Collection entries

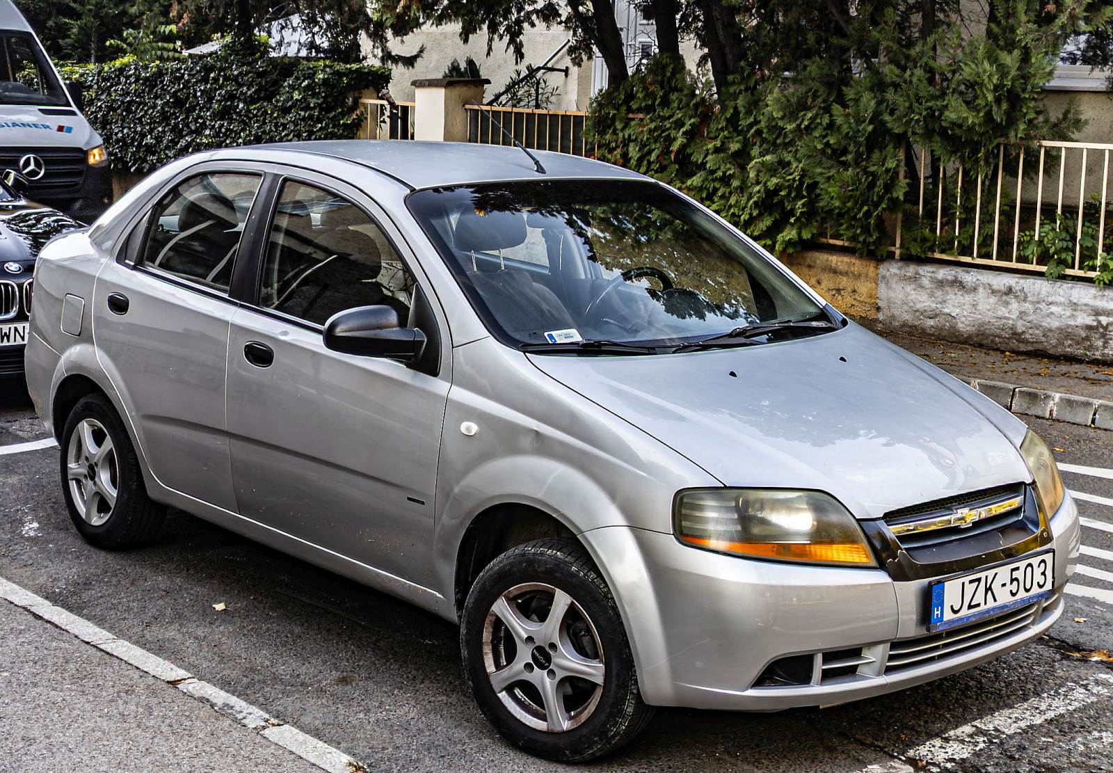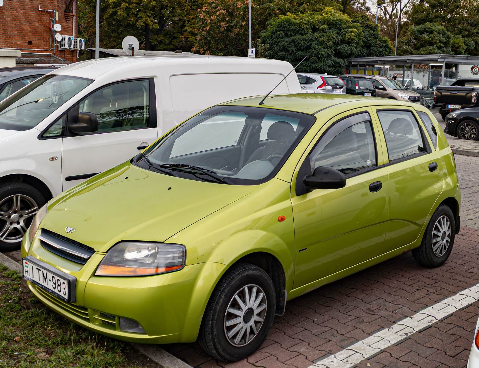 Diesen Daewoo Kalos (fünftürer schrägheck, Farbe: Yellow Green) habe ich in 09.2024 gesehen.
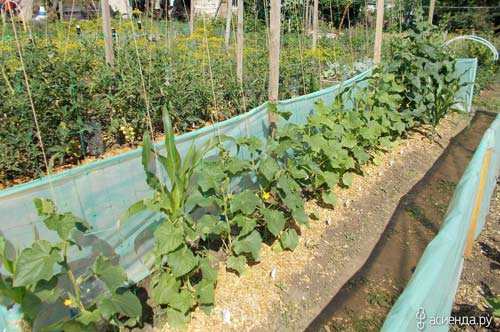 Для того, чтобы внутри грядки активно начали свою работу различные микроорганизмы, необходимо создать тепличные условия. Для этого грядку накрывают подготовленной пленкой, которая будет сохранять влагу и тепло. Органические отходы начнут в таких условиях активно разлагаться и создавать нужную для огуречной культуры питательную среду. Но перед накрытием грядку обильно поливают настоем древесной золы (на 10 литров воды – 1 стакан золы), а затем еще и раствором с использованием ЭМ-препаратов.
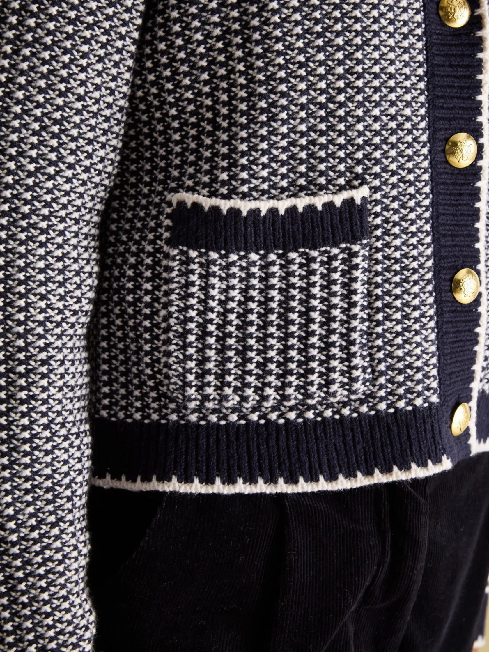 Introducing Bridget – the sophisticated cardigan you’ll reach for all autumn and winter. It has a structured, boxy fit, five metal shank buttons to the front and a round neck. Crafted from an enduring cotton blend and using a textured tweed stitch it’s a true love forever piece. Details such as front pockets and a contrasting cream trim only enhance its appearance. Wear it open over a long-sleeve top for a casual, layered look, or button it up for a more formal finish. Cotton blend. Textured tweed stitch. Structured, boxy fit. Round neck. Metal shank buttons. Two front pockets. Cream coloured hem, cuffs and placket trim.
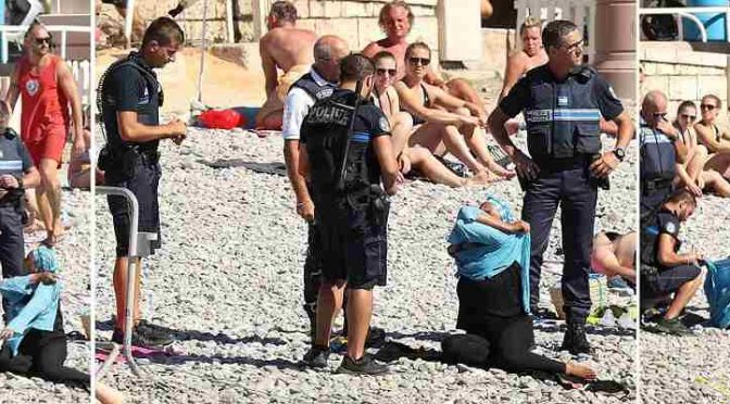 A Nizza, la polizia fa spogliare una donna musulmana che indossa un burkini in spiaggia nonostante il divieto. Un gesto di sfida e sfregio alle vittime della strage islamica:
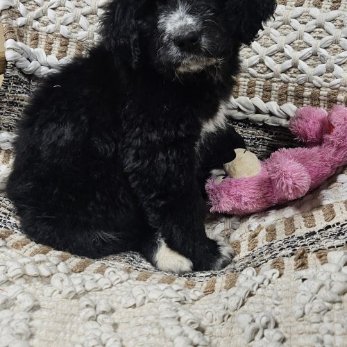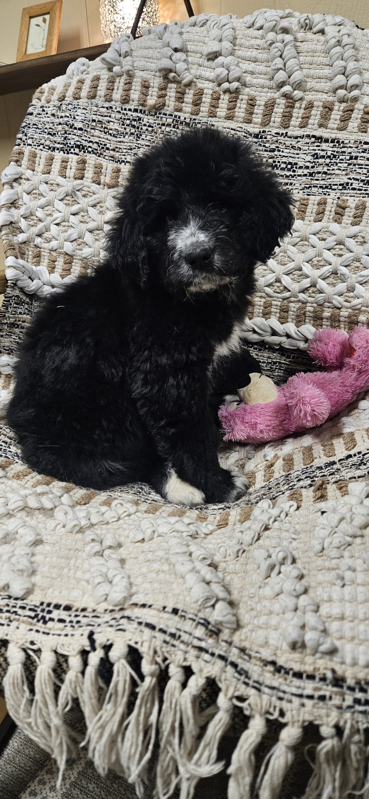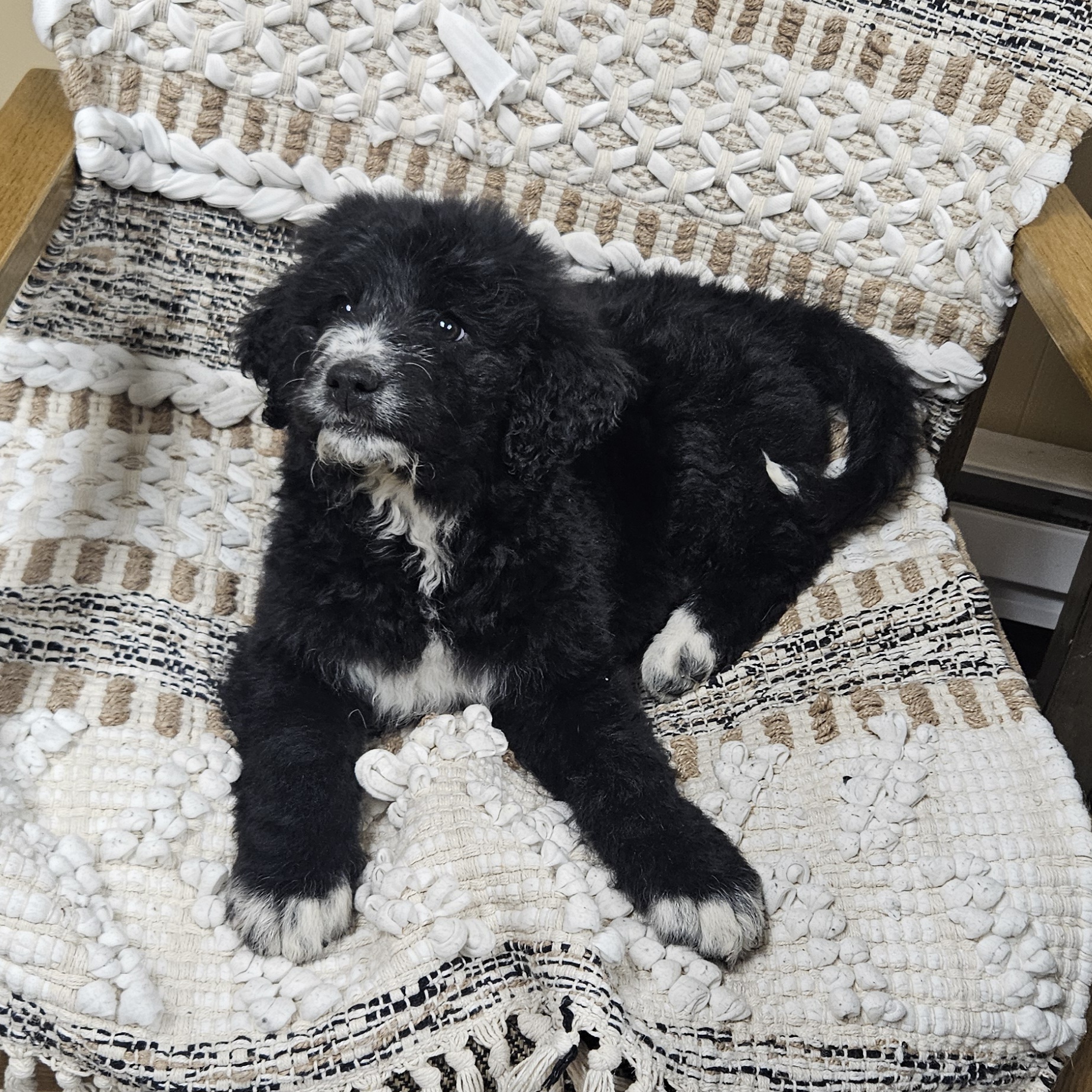 I was bottle fed along with my 4 siblings due to not having a mother. The Pyredoodle cross is known to be loyal, calm and protective family dogs that are often low-shedding and considered "gentle giants". Adult weight will be 70 to 80 lbs. I will be ready for my forever home on February 28. Please go to our website to fill out an application.
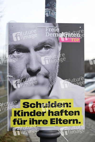 Wahlplakat der FDP mit Christian Lindner zur Bundestagswahl 2025 in Radeberg. Radeberg, 24.01.2025
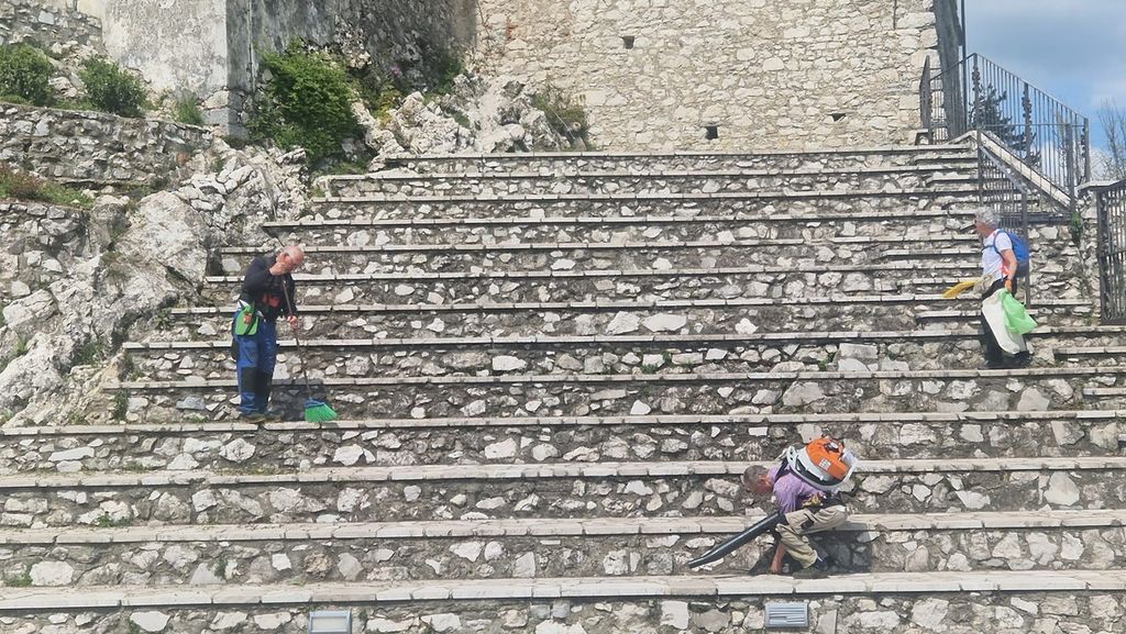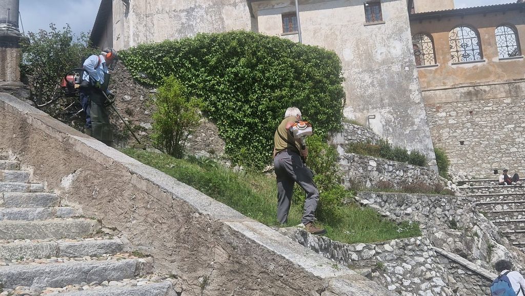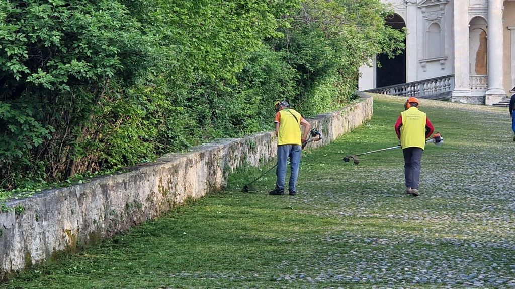 Volontari di cuore e fede. Volontari capaci di non restare a guardare ma di farsi avanti per il bene della loro terra. Volontari come quelli del Cai Senior che, come ormai da anni, oggi si sono messi all'opera sulla Via Sacra, facendo persino qualcosa di ancora più bello e utile rispetto al consueto. Oltre infatti a tagliare l'erba e fare manutenzione del verde lungo il Viale delle Cappelle sino a piazza San Paolo VI, la ventina di donne e uomini del Cai in azione oggi hanno sistemato anche la Grotta delle Beate posta tra la VI e la VII cappella nel giorno della solennità delle Beate Caterina e Giuliana.
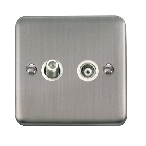Click Deco Plus DPSS170WH Satellite & Co-Axial Outlet (Non-Isolated) - Stainless Steel (White)
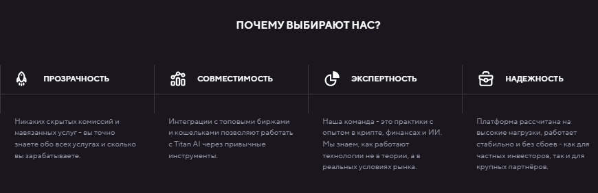Как заявляют создатели брокерской компании Titan AI — они являются симбиозом передовых технологий и финансовых стратегий. Благодаря этому их клиенты могут от обычного майнинга дорасти до стратегий индивидуального инвестирования. Сайт разработан идеально, и соискатель заработка может ознакомиться со всеми нюансами трейдинта, сотрудничая с данным брокером.
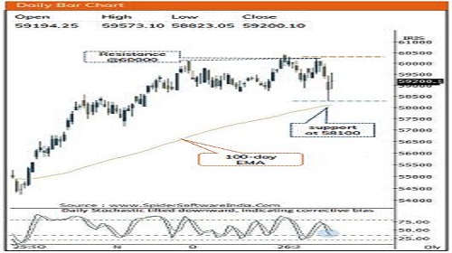 * Key point to highlight is that Index has formed higher highlow pattern after healthy profit-booking in the past three session, indicating pause in downward momentum. Going ahead, we believe follow through action above previous session high could open the path for technical pullback towards 60000, failure to do so will led to a consolidation in the 58,100-60000 range. Key support for index is placed at 58100 being 100-day EMA
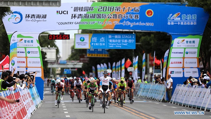 Georgios Bouglas from China's Ningxia Sports Lottery Livall Cycling Team (NLC) wins the first stage of the Tour of Qinghai Lake in northwest China's Qinghai Province, on July 22, 2018. (Xinhuanet Photo by Jia Haiyuan)
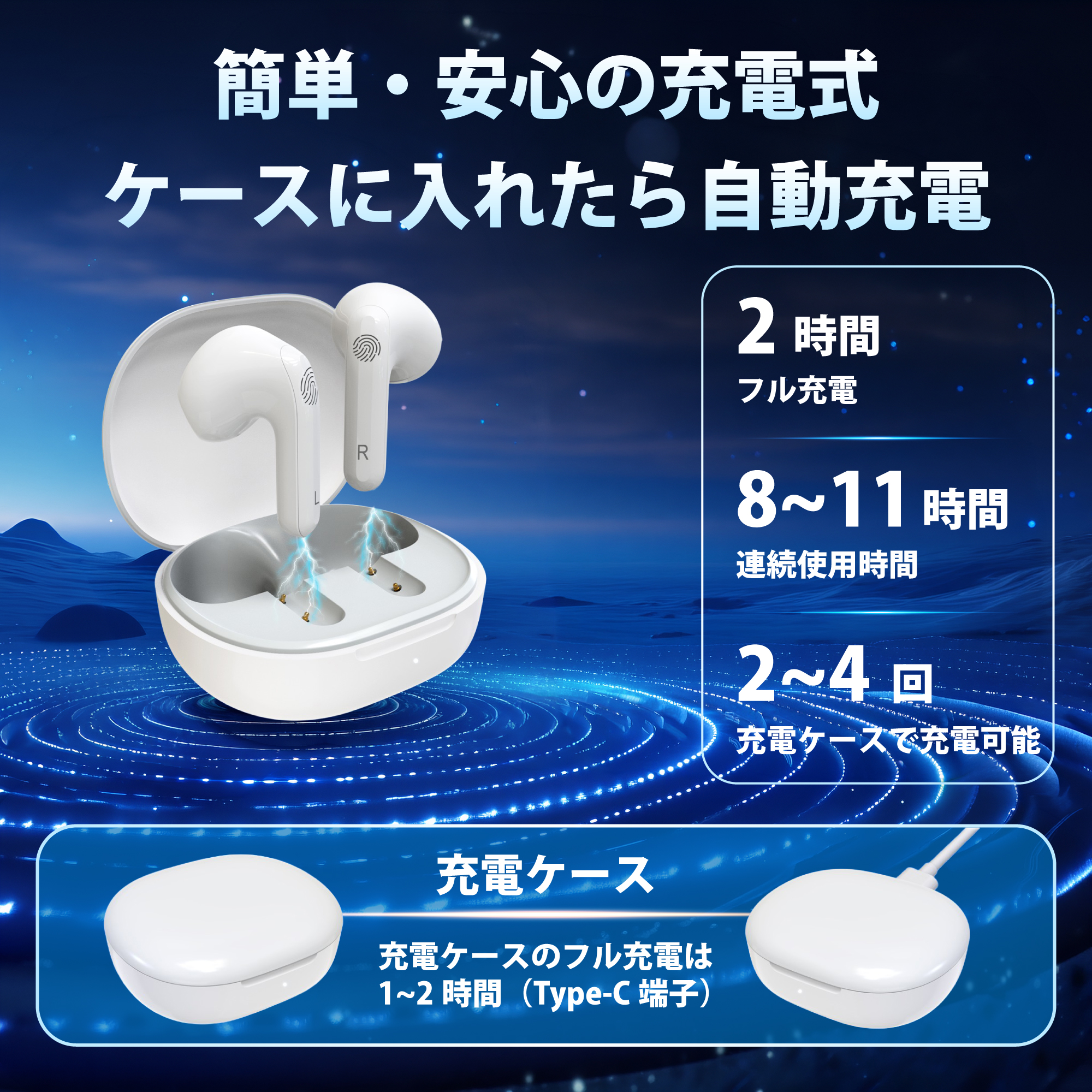 専用の充電ケース付きだから、外出時や旅行でも安心です。
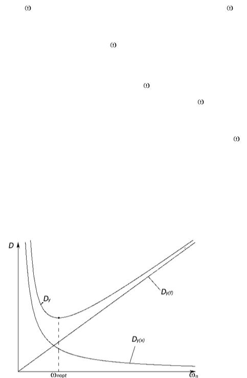 Очевидно, что в идеальном случае, когда имеется вся необходимая информация о случайных воздействиях, задача синтеза системы в области частотных характеристик сводится к определению оптимальной полосы пропускания системы п opt (см. рис. 6.3), обеспечивающей минимум величины Dy. При наличии же ограниченной
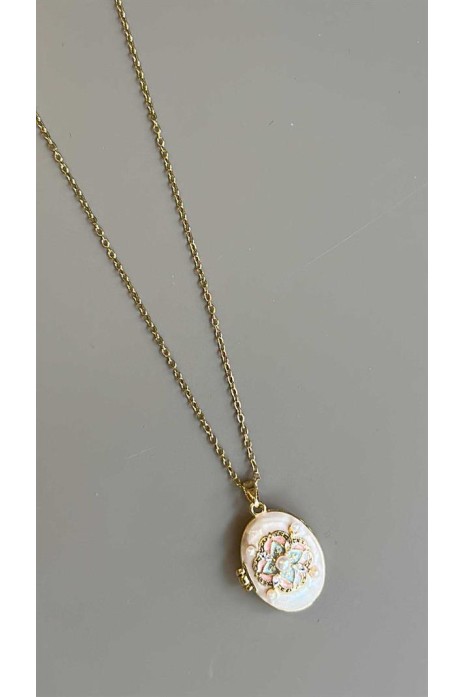 İncili Etnik Desen Kapaklı Kolye - Beyaz

§ PROBLEM STATEMENT
An answer that restates all the entries exactly and drops the images is what is needed.

§ RESPONSE TO THE EXERCISE
 Diesen Daewoo Kalos (fünftürer schrägheck, Farbe: Yellow Green) habe ich in 09.2024 gesehen.
 Для того, чтобы внутри грядки активно начали свою работу различные микроорганизмы, необходимо создать тепличные условия. Для этого грядку накрывают подготовленной пленкой, которая будет сохранять влагу и тепло. Органические отходы начнут в таких условиях активно разлагаться и создавать нужную для огуречной культуры питательную среду. Но перед накрытием грядку обильно поливают настоем древесной золы (на 10 литров воды – 1 стакан золы), а затем еще и раствором с использованием ЭМ-препаратов.
 Introducing Bridget – the sophisticated cardigan you’ll reach for all autumn and winter. It has a structured, boxy fit, five metal shank buttons to the front and a round neck. Crafted from an enduring cotton blend and using a textured tweed stitch it’s a true love forever piece. Details such as front pockets and a contrasting cream trim only enhance its appearance. Wear it open over a long-sleeve top for a casual, layered look, or button it up for a more formal finish. Cotton blend. Textured tweed stitch. Structured, boxy fit. Round neck. Metal shank buttons. Two front pockets. Cream coloured hem, cuffs and placket trim.
 A Nizza, la polizia fa spogliare una donna musulmana che indossa un burkini in spiaggia nonostante il divieto. Un gesto di sfida e sfregio alle vittime della strage islamica:
 I was bottle fed along with my 4 siblings due to not having a mother. The Pyredoodle cross is known to be loyal, calm and protective family dogs that are often low-shedding and considered "gentle giants". Adult weight will be 70 to 80 lbs. I will be ready for my forever home on February 28. Please go to our website to fill out an application.
 Wahlplakat der FDP mit Christian Lindner zur Bundestagswahl 2025 in Radeberg. Radeberg, 24.01.2025
 Volontari di cuore e fede. Volontari capaci di non restare a guardare ma di farsi avanti per il bene della loro terra. Volontari come quelli del Cai Senior che, come ormai da anni, oggi si sono messi all'opera sulla Via Sacra, facendo persino qualcosa di ancora più bello e utile rispetto al consueto. Oltre infatti a tagliare l'erba e fare manutenzione del verde lungo il Viale delle Cappelle sino a piazza San Paolo VI, la ventina di donne e uomini del Cai in azione oggi hanno sistemato anche la Grotta delle Beate posta tra la VI e la VII cappella nel giorno della solennità delle Beate Caterina e Giuliana.
Click Deco Plus DPSS170WH Satellite & Co-Axial Outlet (Non-Isolated) - Stainless Steel (White)
Как заявляют создатели брокерской компании Titan AI — они являются симбиозом передовых технологий и финансовых стратегий. Благодаря этому их клиенты могут от обычного майнинга дорасти до стратегий индивидуального инвестирования. Сайт разработан идеально, и соискатель заработка может ознакомиться со всеми нюансами трейдинта, сотрудничая с данным брокером.
 * Key point to highlight is that Index has formed higher highlow pattern after healthy profit-booking in the past three session, indicating pause in downward momentum. Going ahead, we believe follow through action above previous session high could open the path for technical pullback towards 60000, failure to do so will led to a consolidation in the 58,100-60000 range. Key support for index is placed at 58100 being 100-day EMA
 Georgios Bouglas from China's Ningxia Sports Lottery Livall Cycling Team (NLC) wins the first stage of the Tour of Qinghai Lake in northwest China's Qinghai Province, on July 22, 2018. (Xinhuanet Photo by Jia Haiyuan)
 専用の充電ケース付きだから、外出時や旅行でも安心です。
 Очевидно, что в идеальном случае, когда имеется вся необходимая информация о случайных воздействиях, задача синтеза системы в области частотных характеристик сводится к определению оптимальной полосы пропускания системы п opt (см. рис. 6.3), обеспечивающей минимум величины Dy. При наличии же ограниченной
 İncili Etnik Desen Kapaklı Kolye - Beyaz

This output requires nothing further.